FESEM/EDS analysis was utilized to investigate the surface characteristics and structural morphology of the synthesized catalysts, with particular attention to the effective preservation of the carbon coating through controlled calcination processes.²² This detailed analysis provided insights into the compositional variations, as presented in Table 3. The FESEM/EDS results (Fig. 5) highlighted significant differences in the structural and elemental distribution of the ZNC and ANC catalysts, underscoring the roles of ZrO₂ and Al₂O₃ as supports–promoters in CO₂ hydrogenation to methanol.
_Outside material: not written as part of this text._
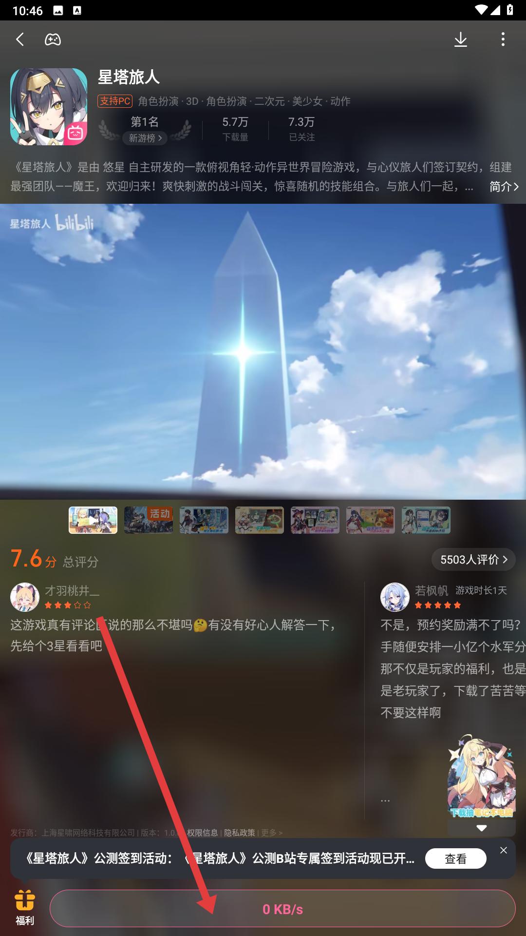 4、點擊后進入星塔旅人詳情頁,頁面下方會顯示下載進度,等待下載完成即可。
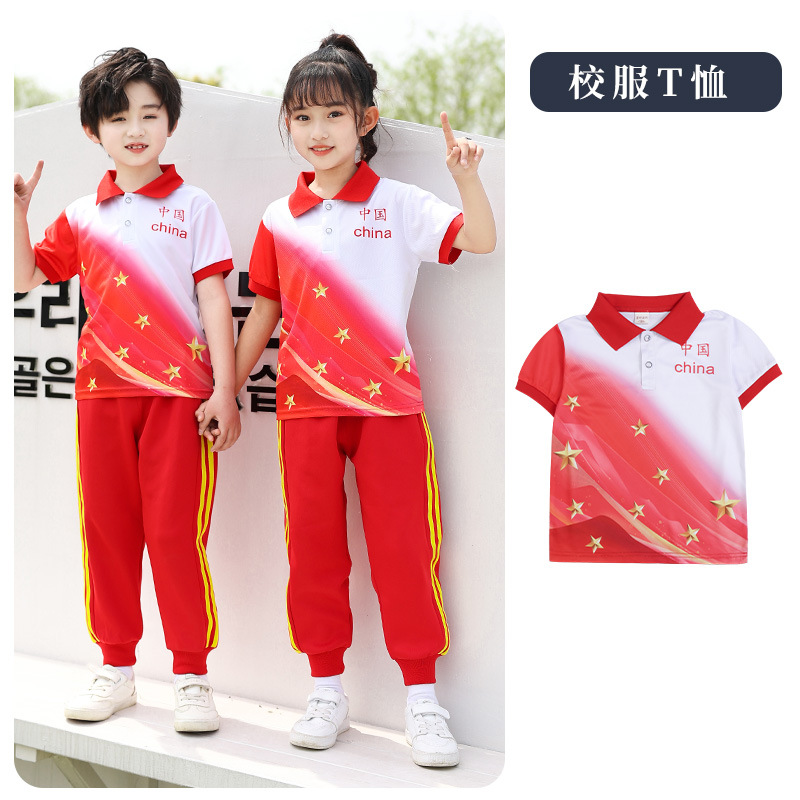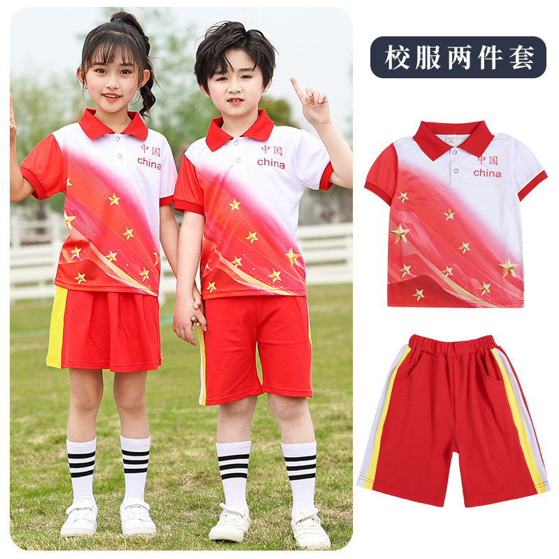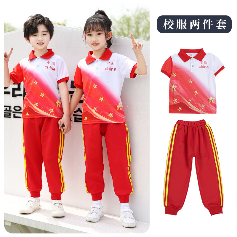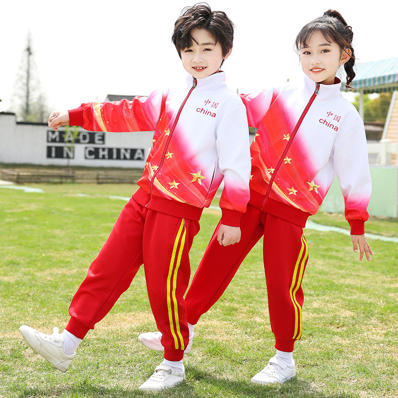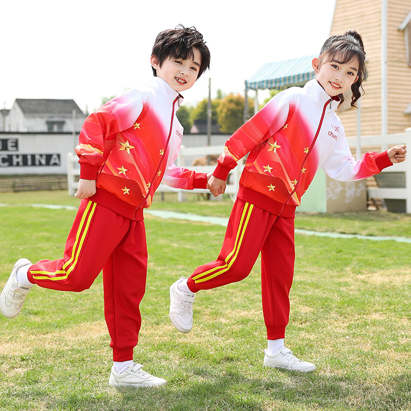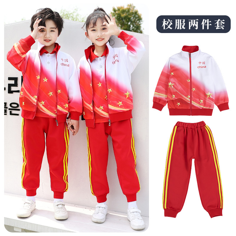 幼儿园园服新品学院风运动会中国红校服小学生春秋套装夏季四件套

Notably, both catalysts exhibited roughly similar elemental proportions. Additionally, the carbon and nitrogen contents, attributable to the nitrogen-doped porous carbon layer derived from the ZIF-8 precursor, play a crucial role. This nitrogen-functionalized carbon layer is instrumental in enhancing the dispersion of Cu/ZnO particles, stabilizing active sites, and strengthening metal–support interactions (SMSI). This is consistent with findings by Wang et al.,⁵² where nitrogen-functionalized carbon nanotubes (N-CNTs) improved Cu oxide dispersion, reducibility, and H₂/CO₂ adsorption capacity, thereby boosting methanol synthesis activity. The nitrogen-doped carbon in these catalysts likely plays a similar role, increasing H₂ dissociation and CO₂ adsorption, which strengthen the catalyst's overall performance.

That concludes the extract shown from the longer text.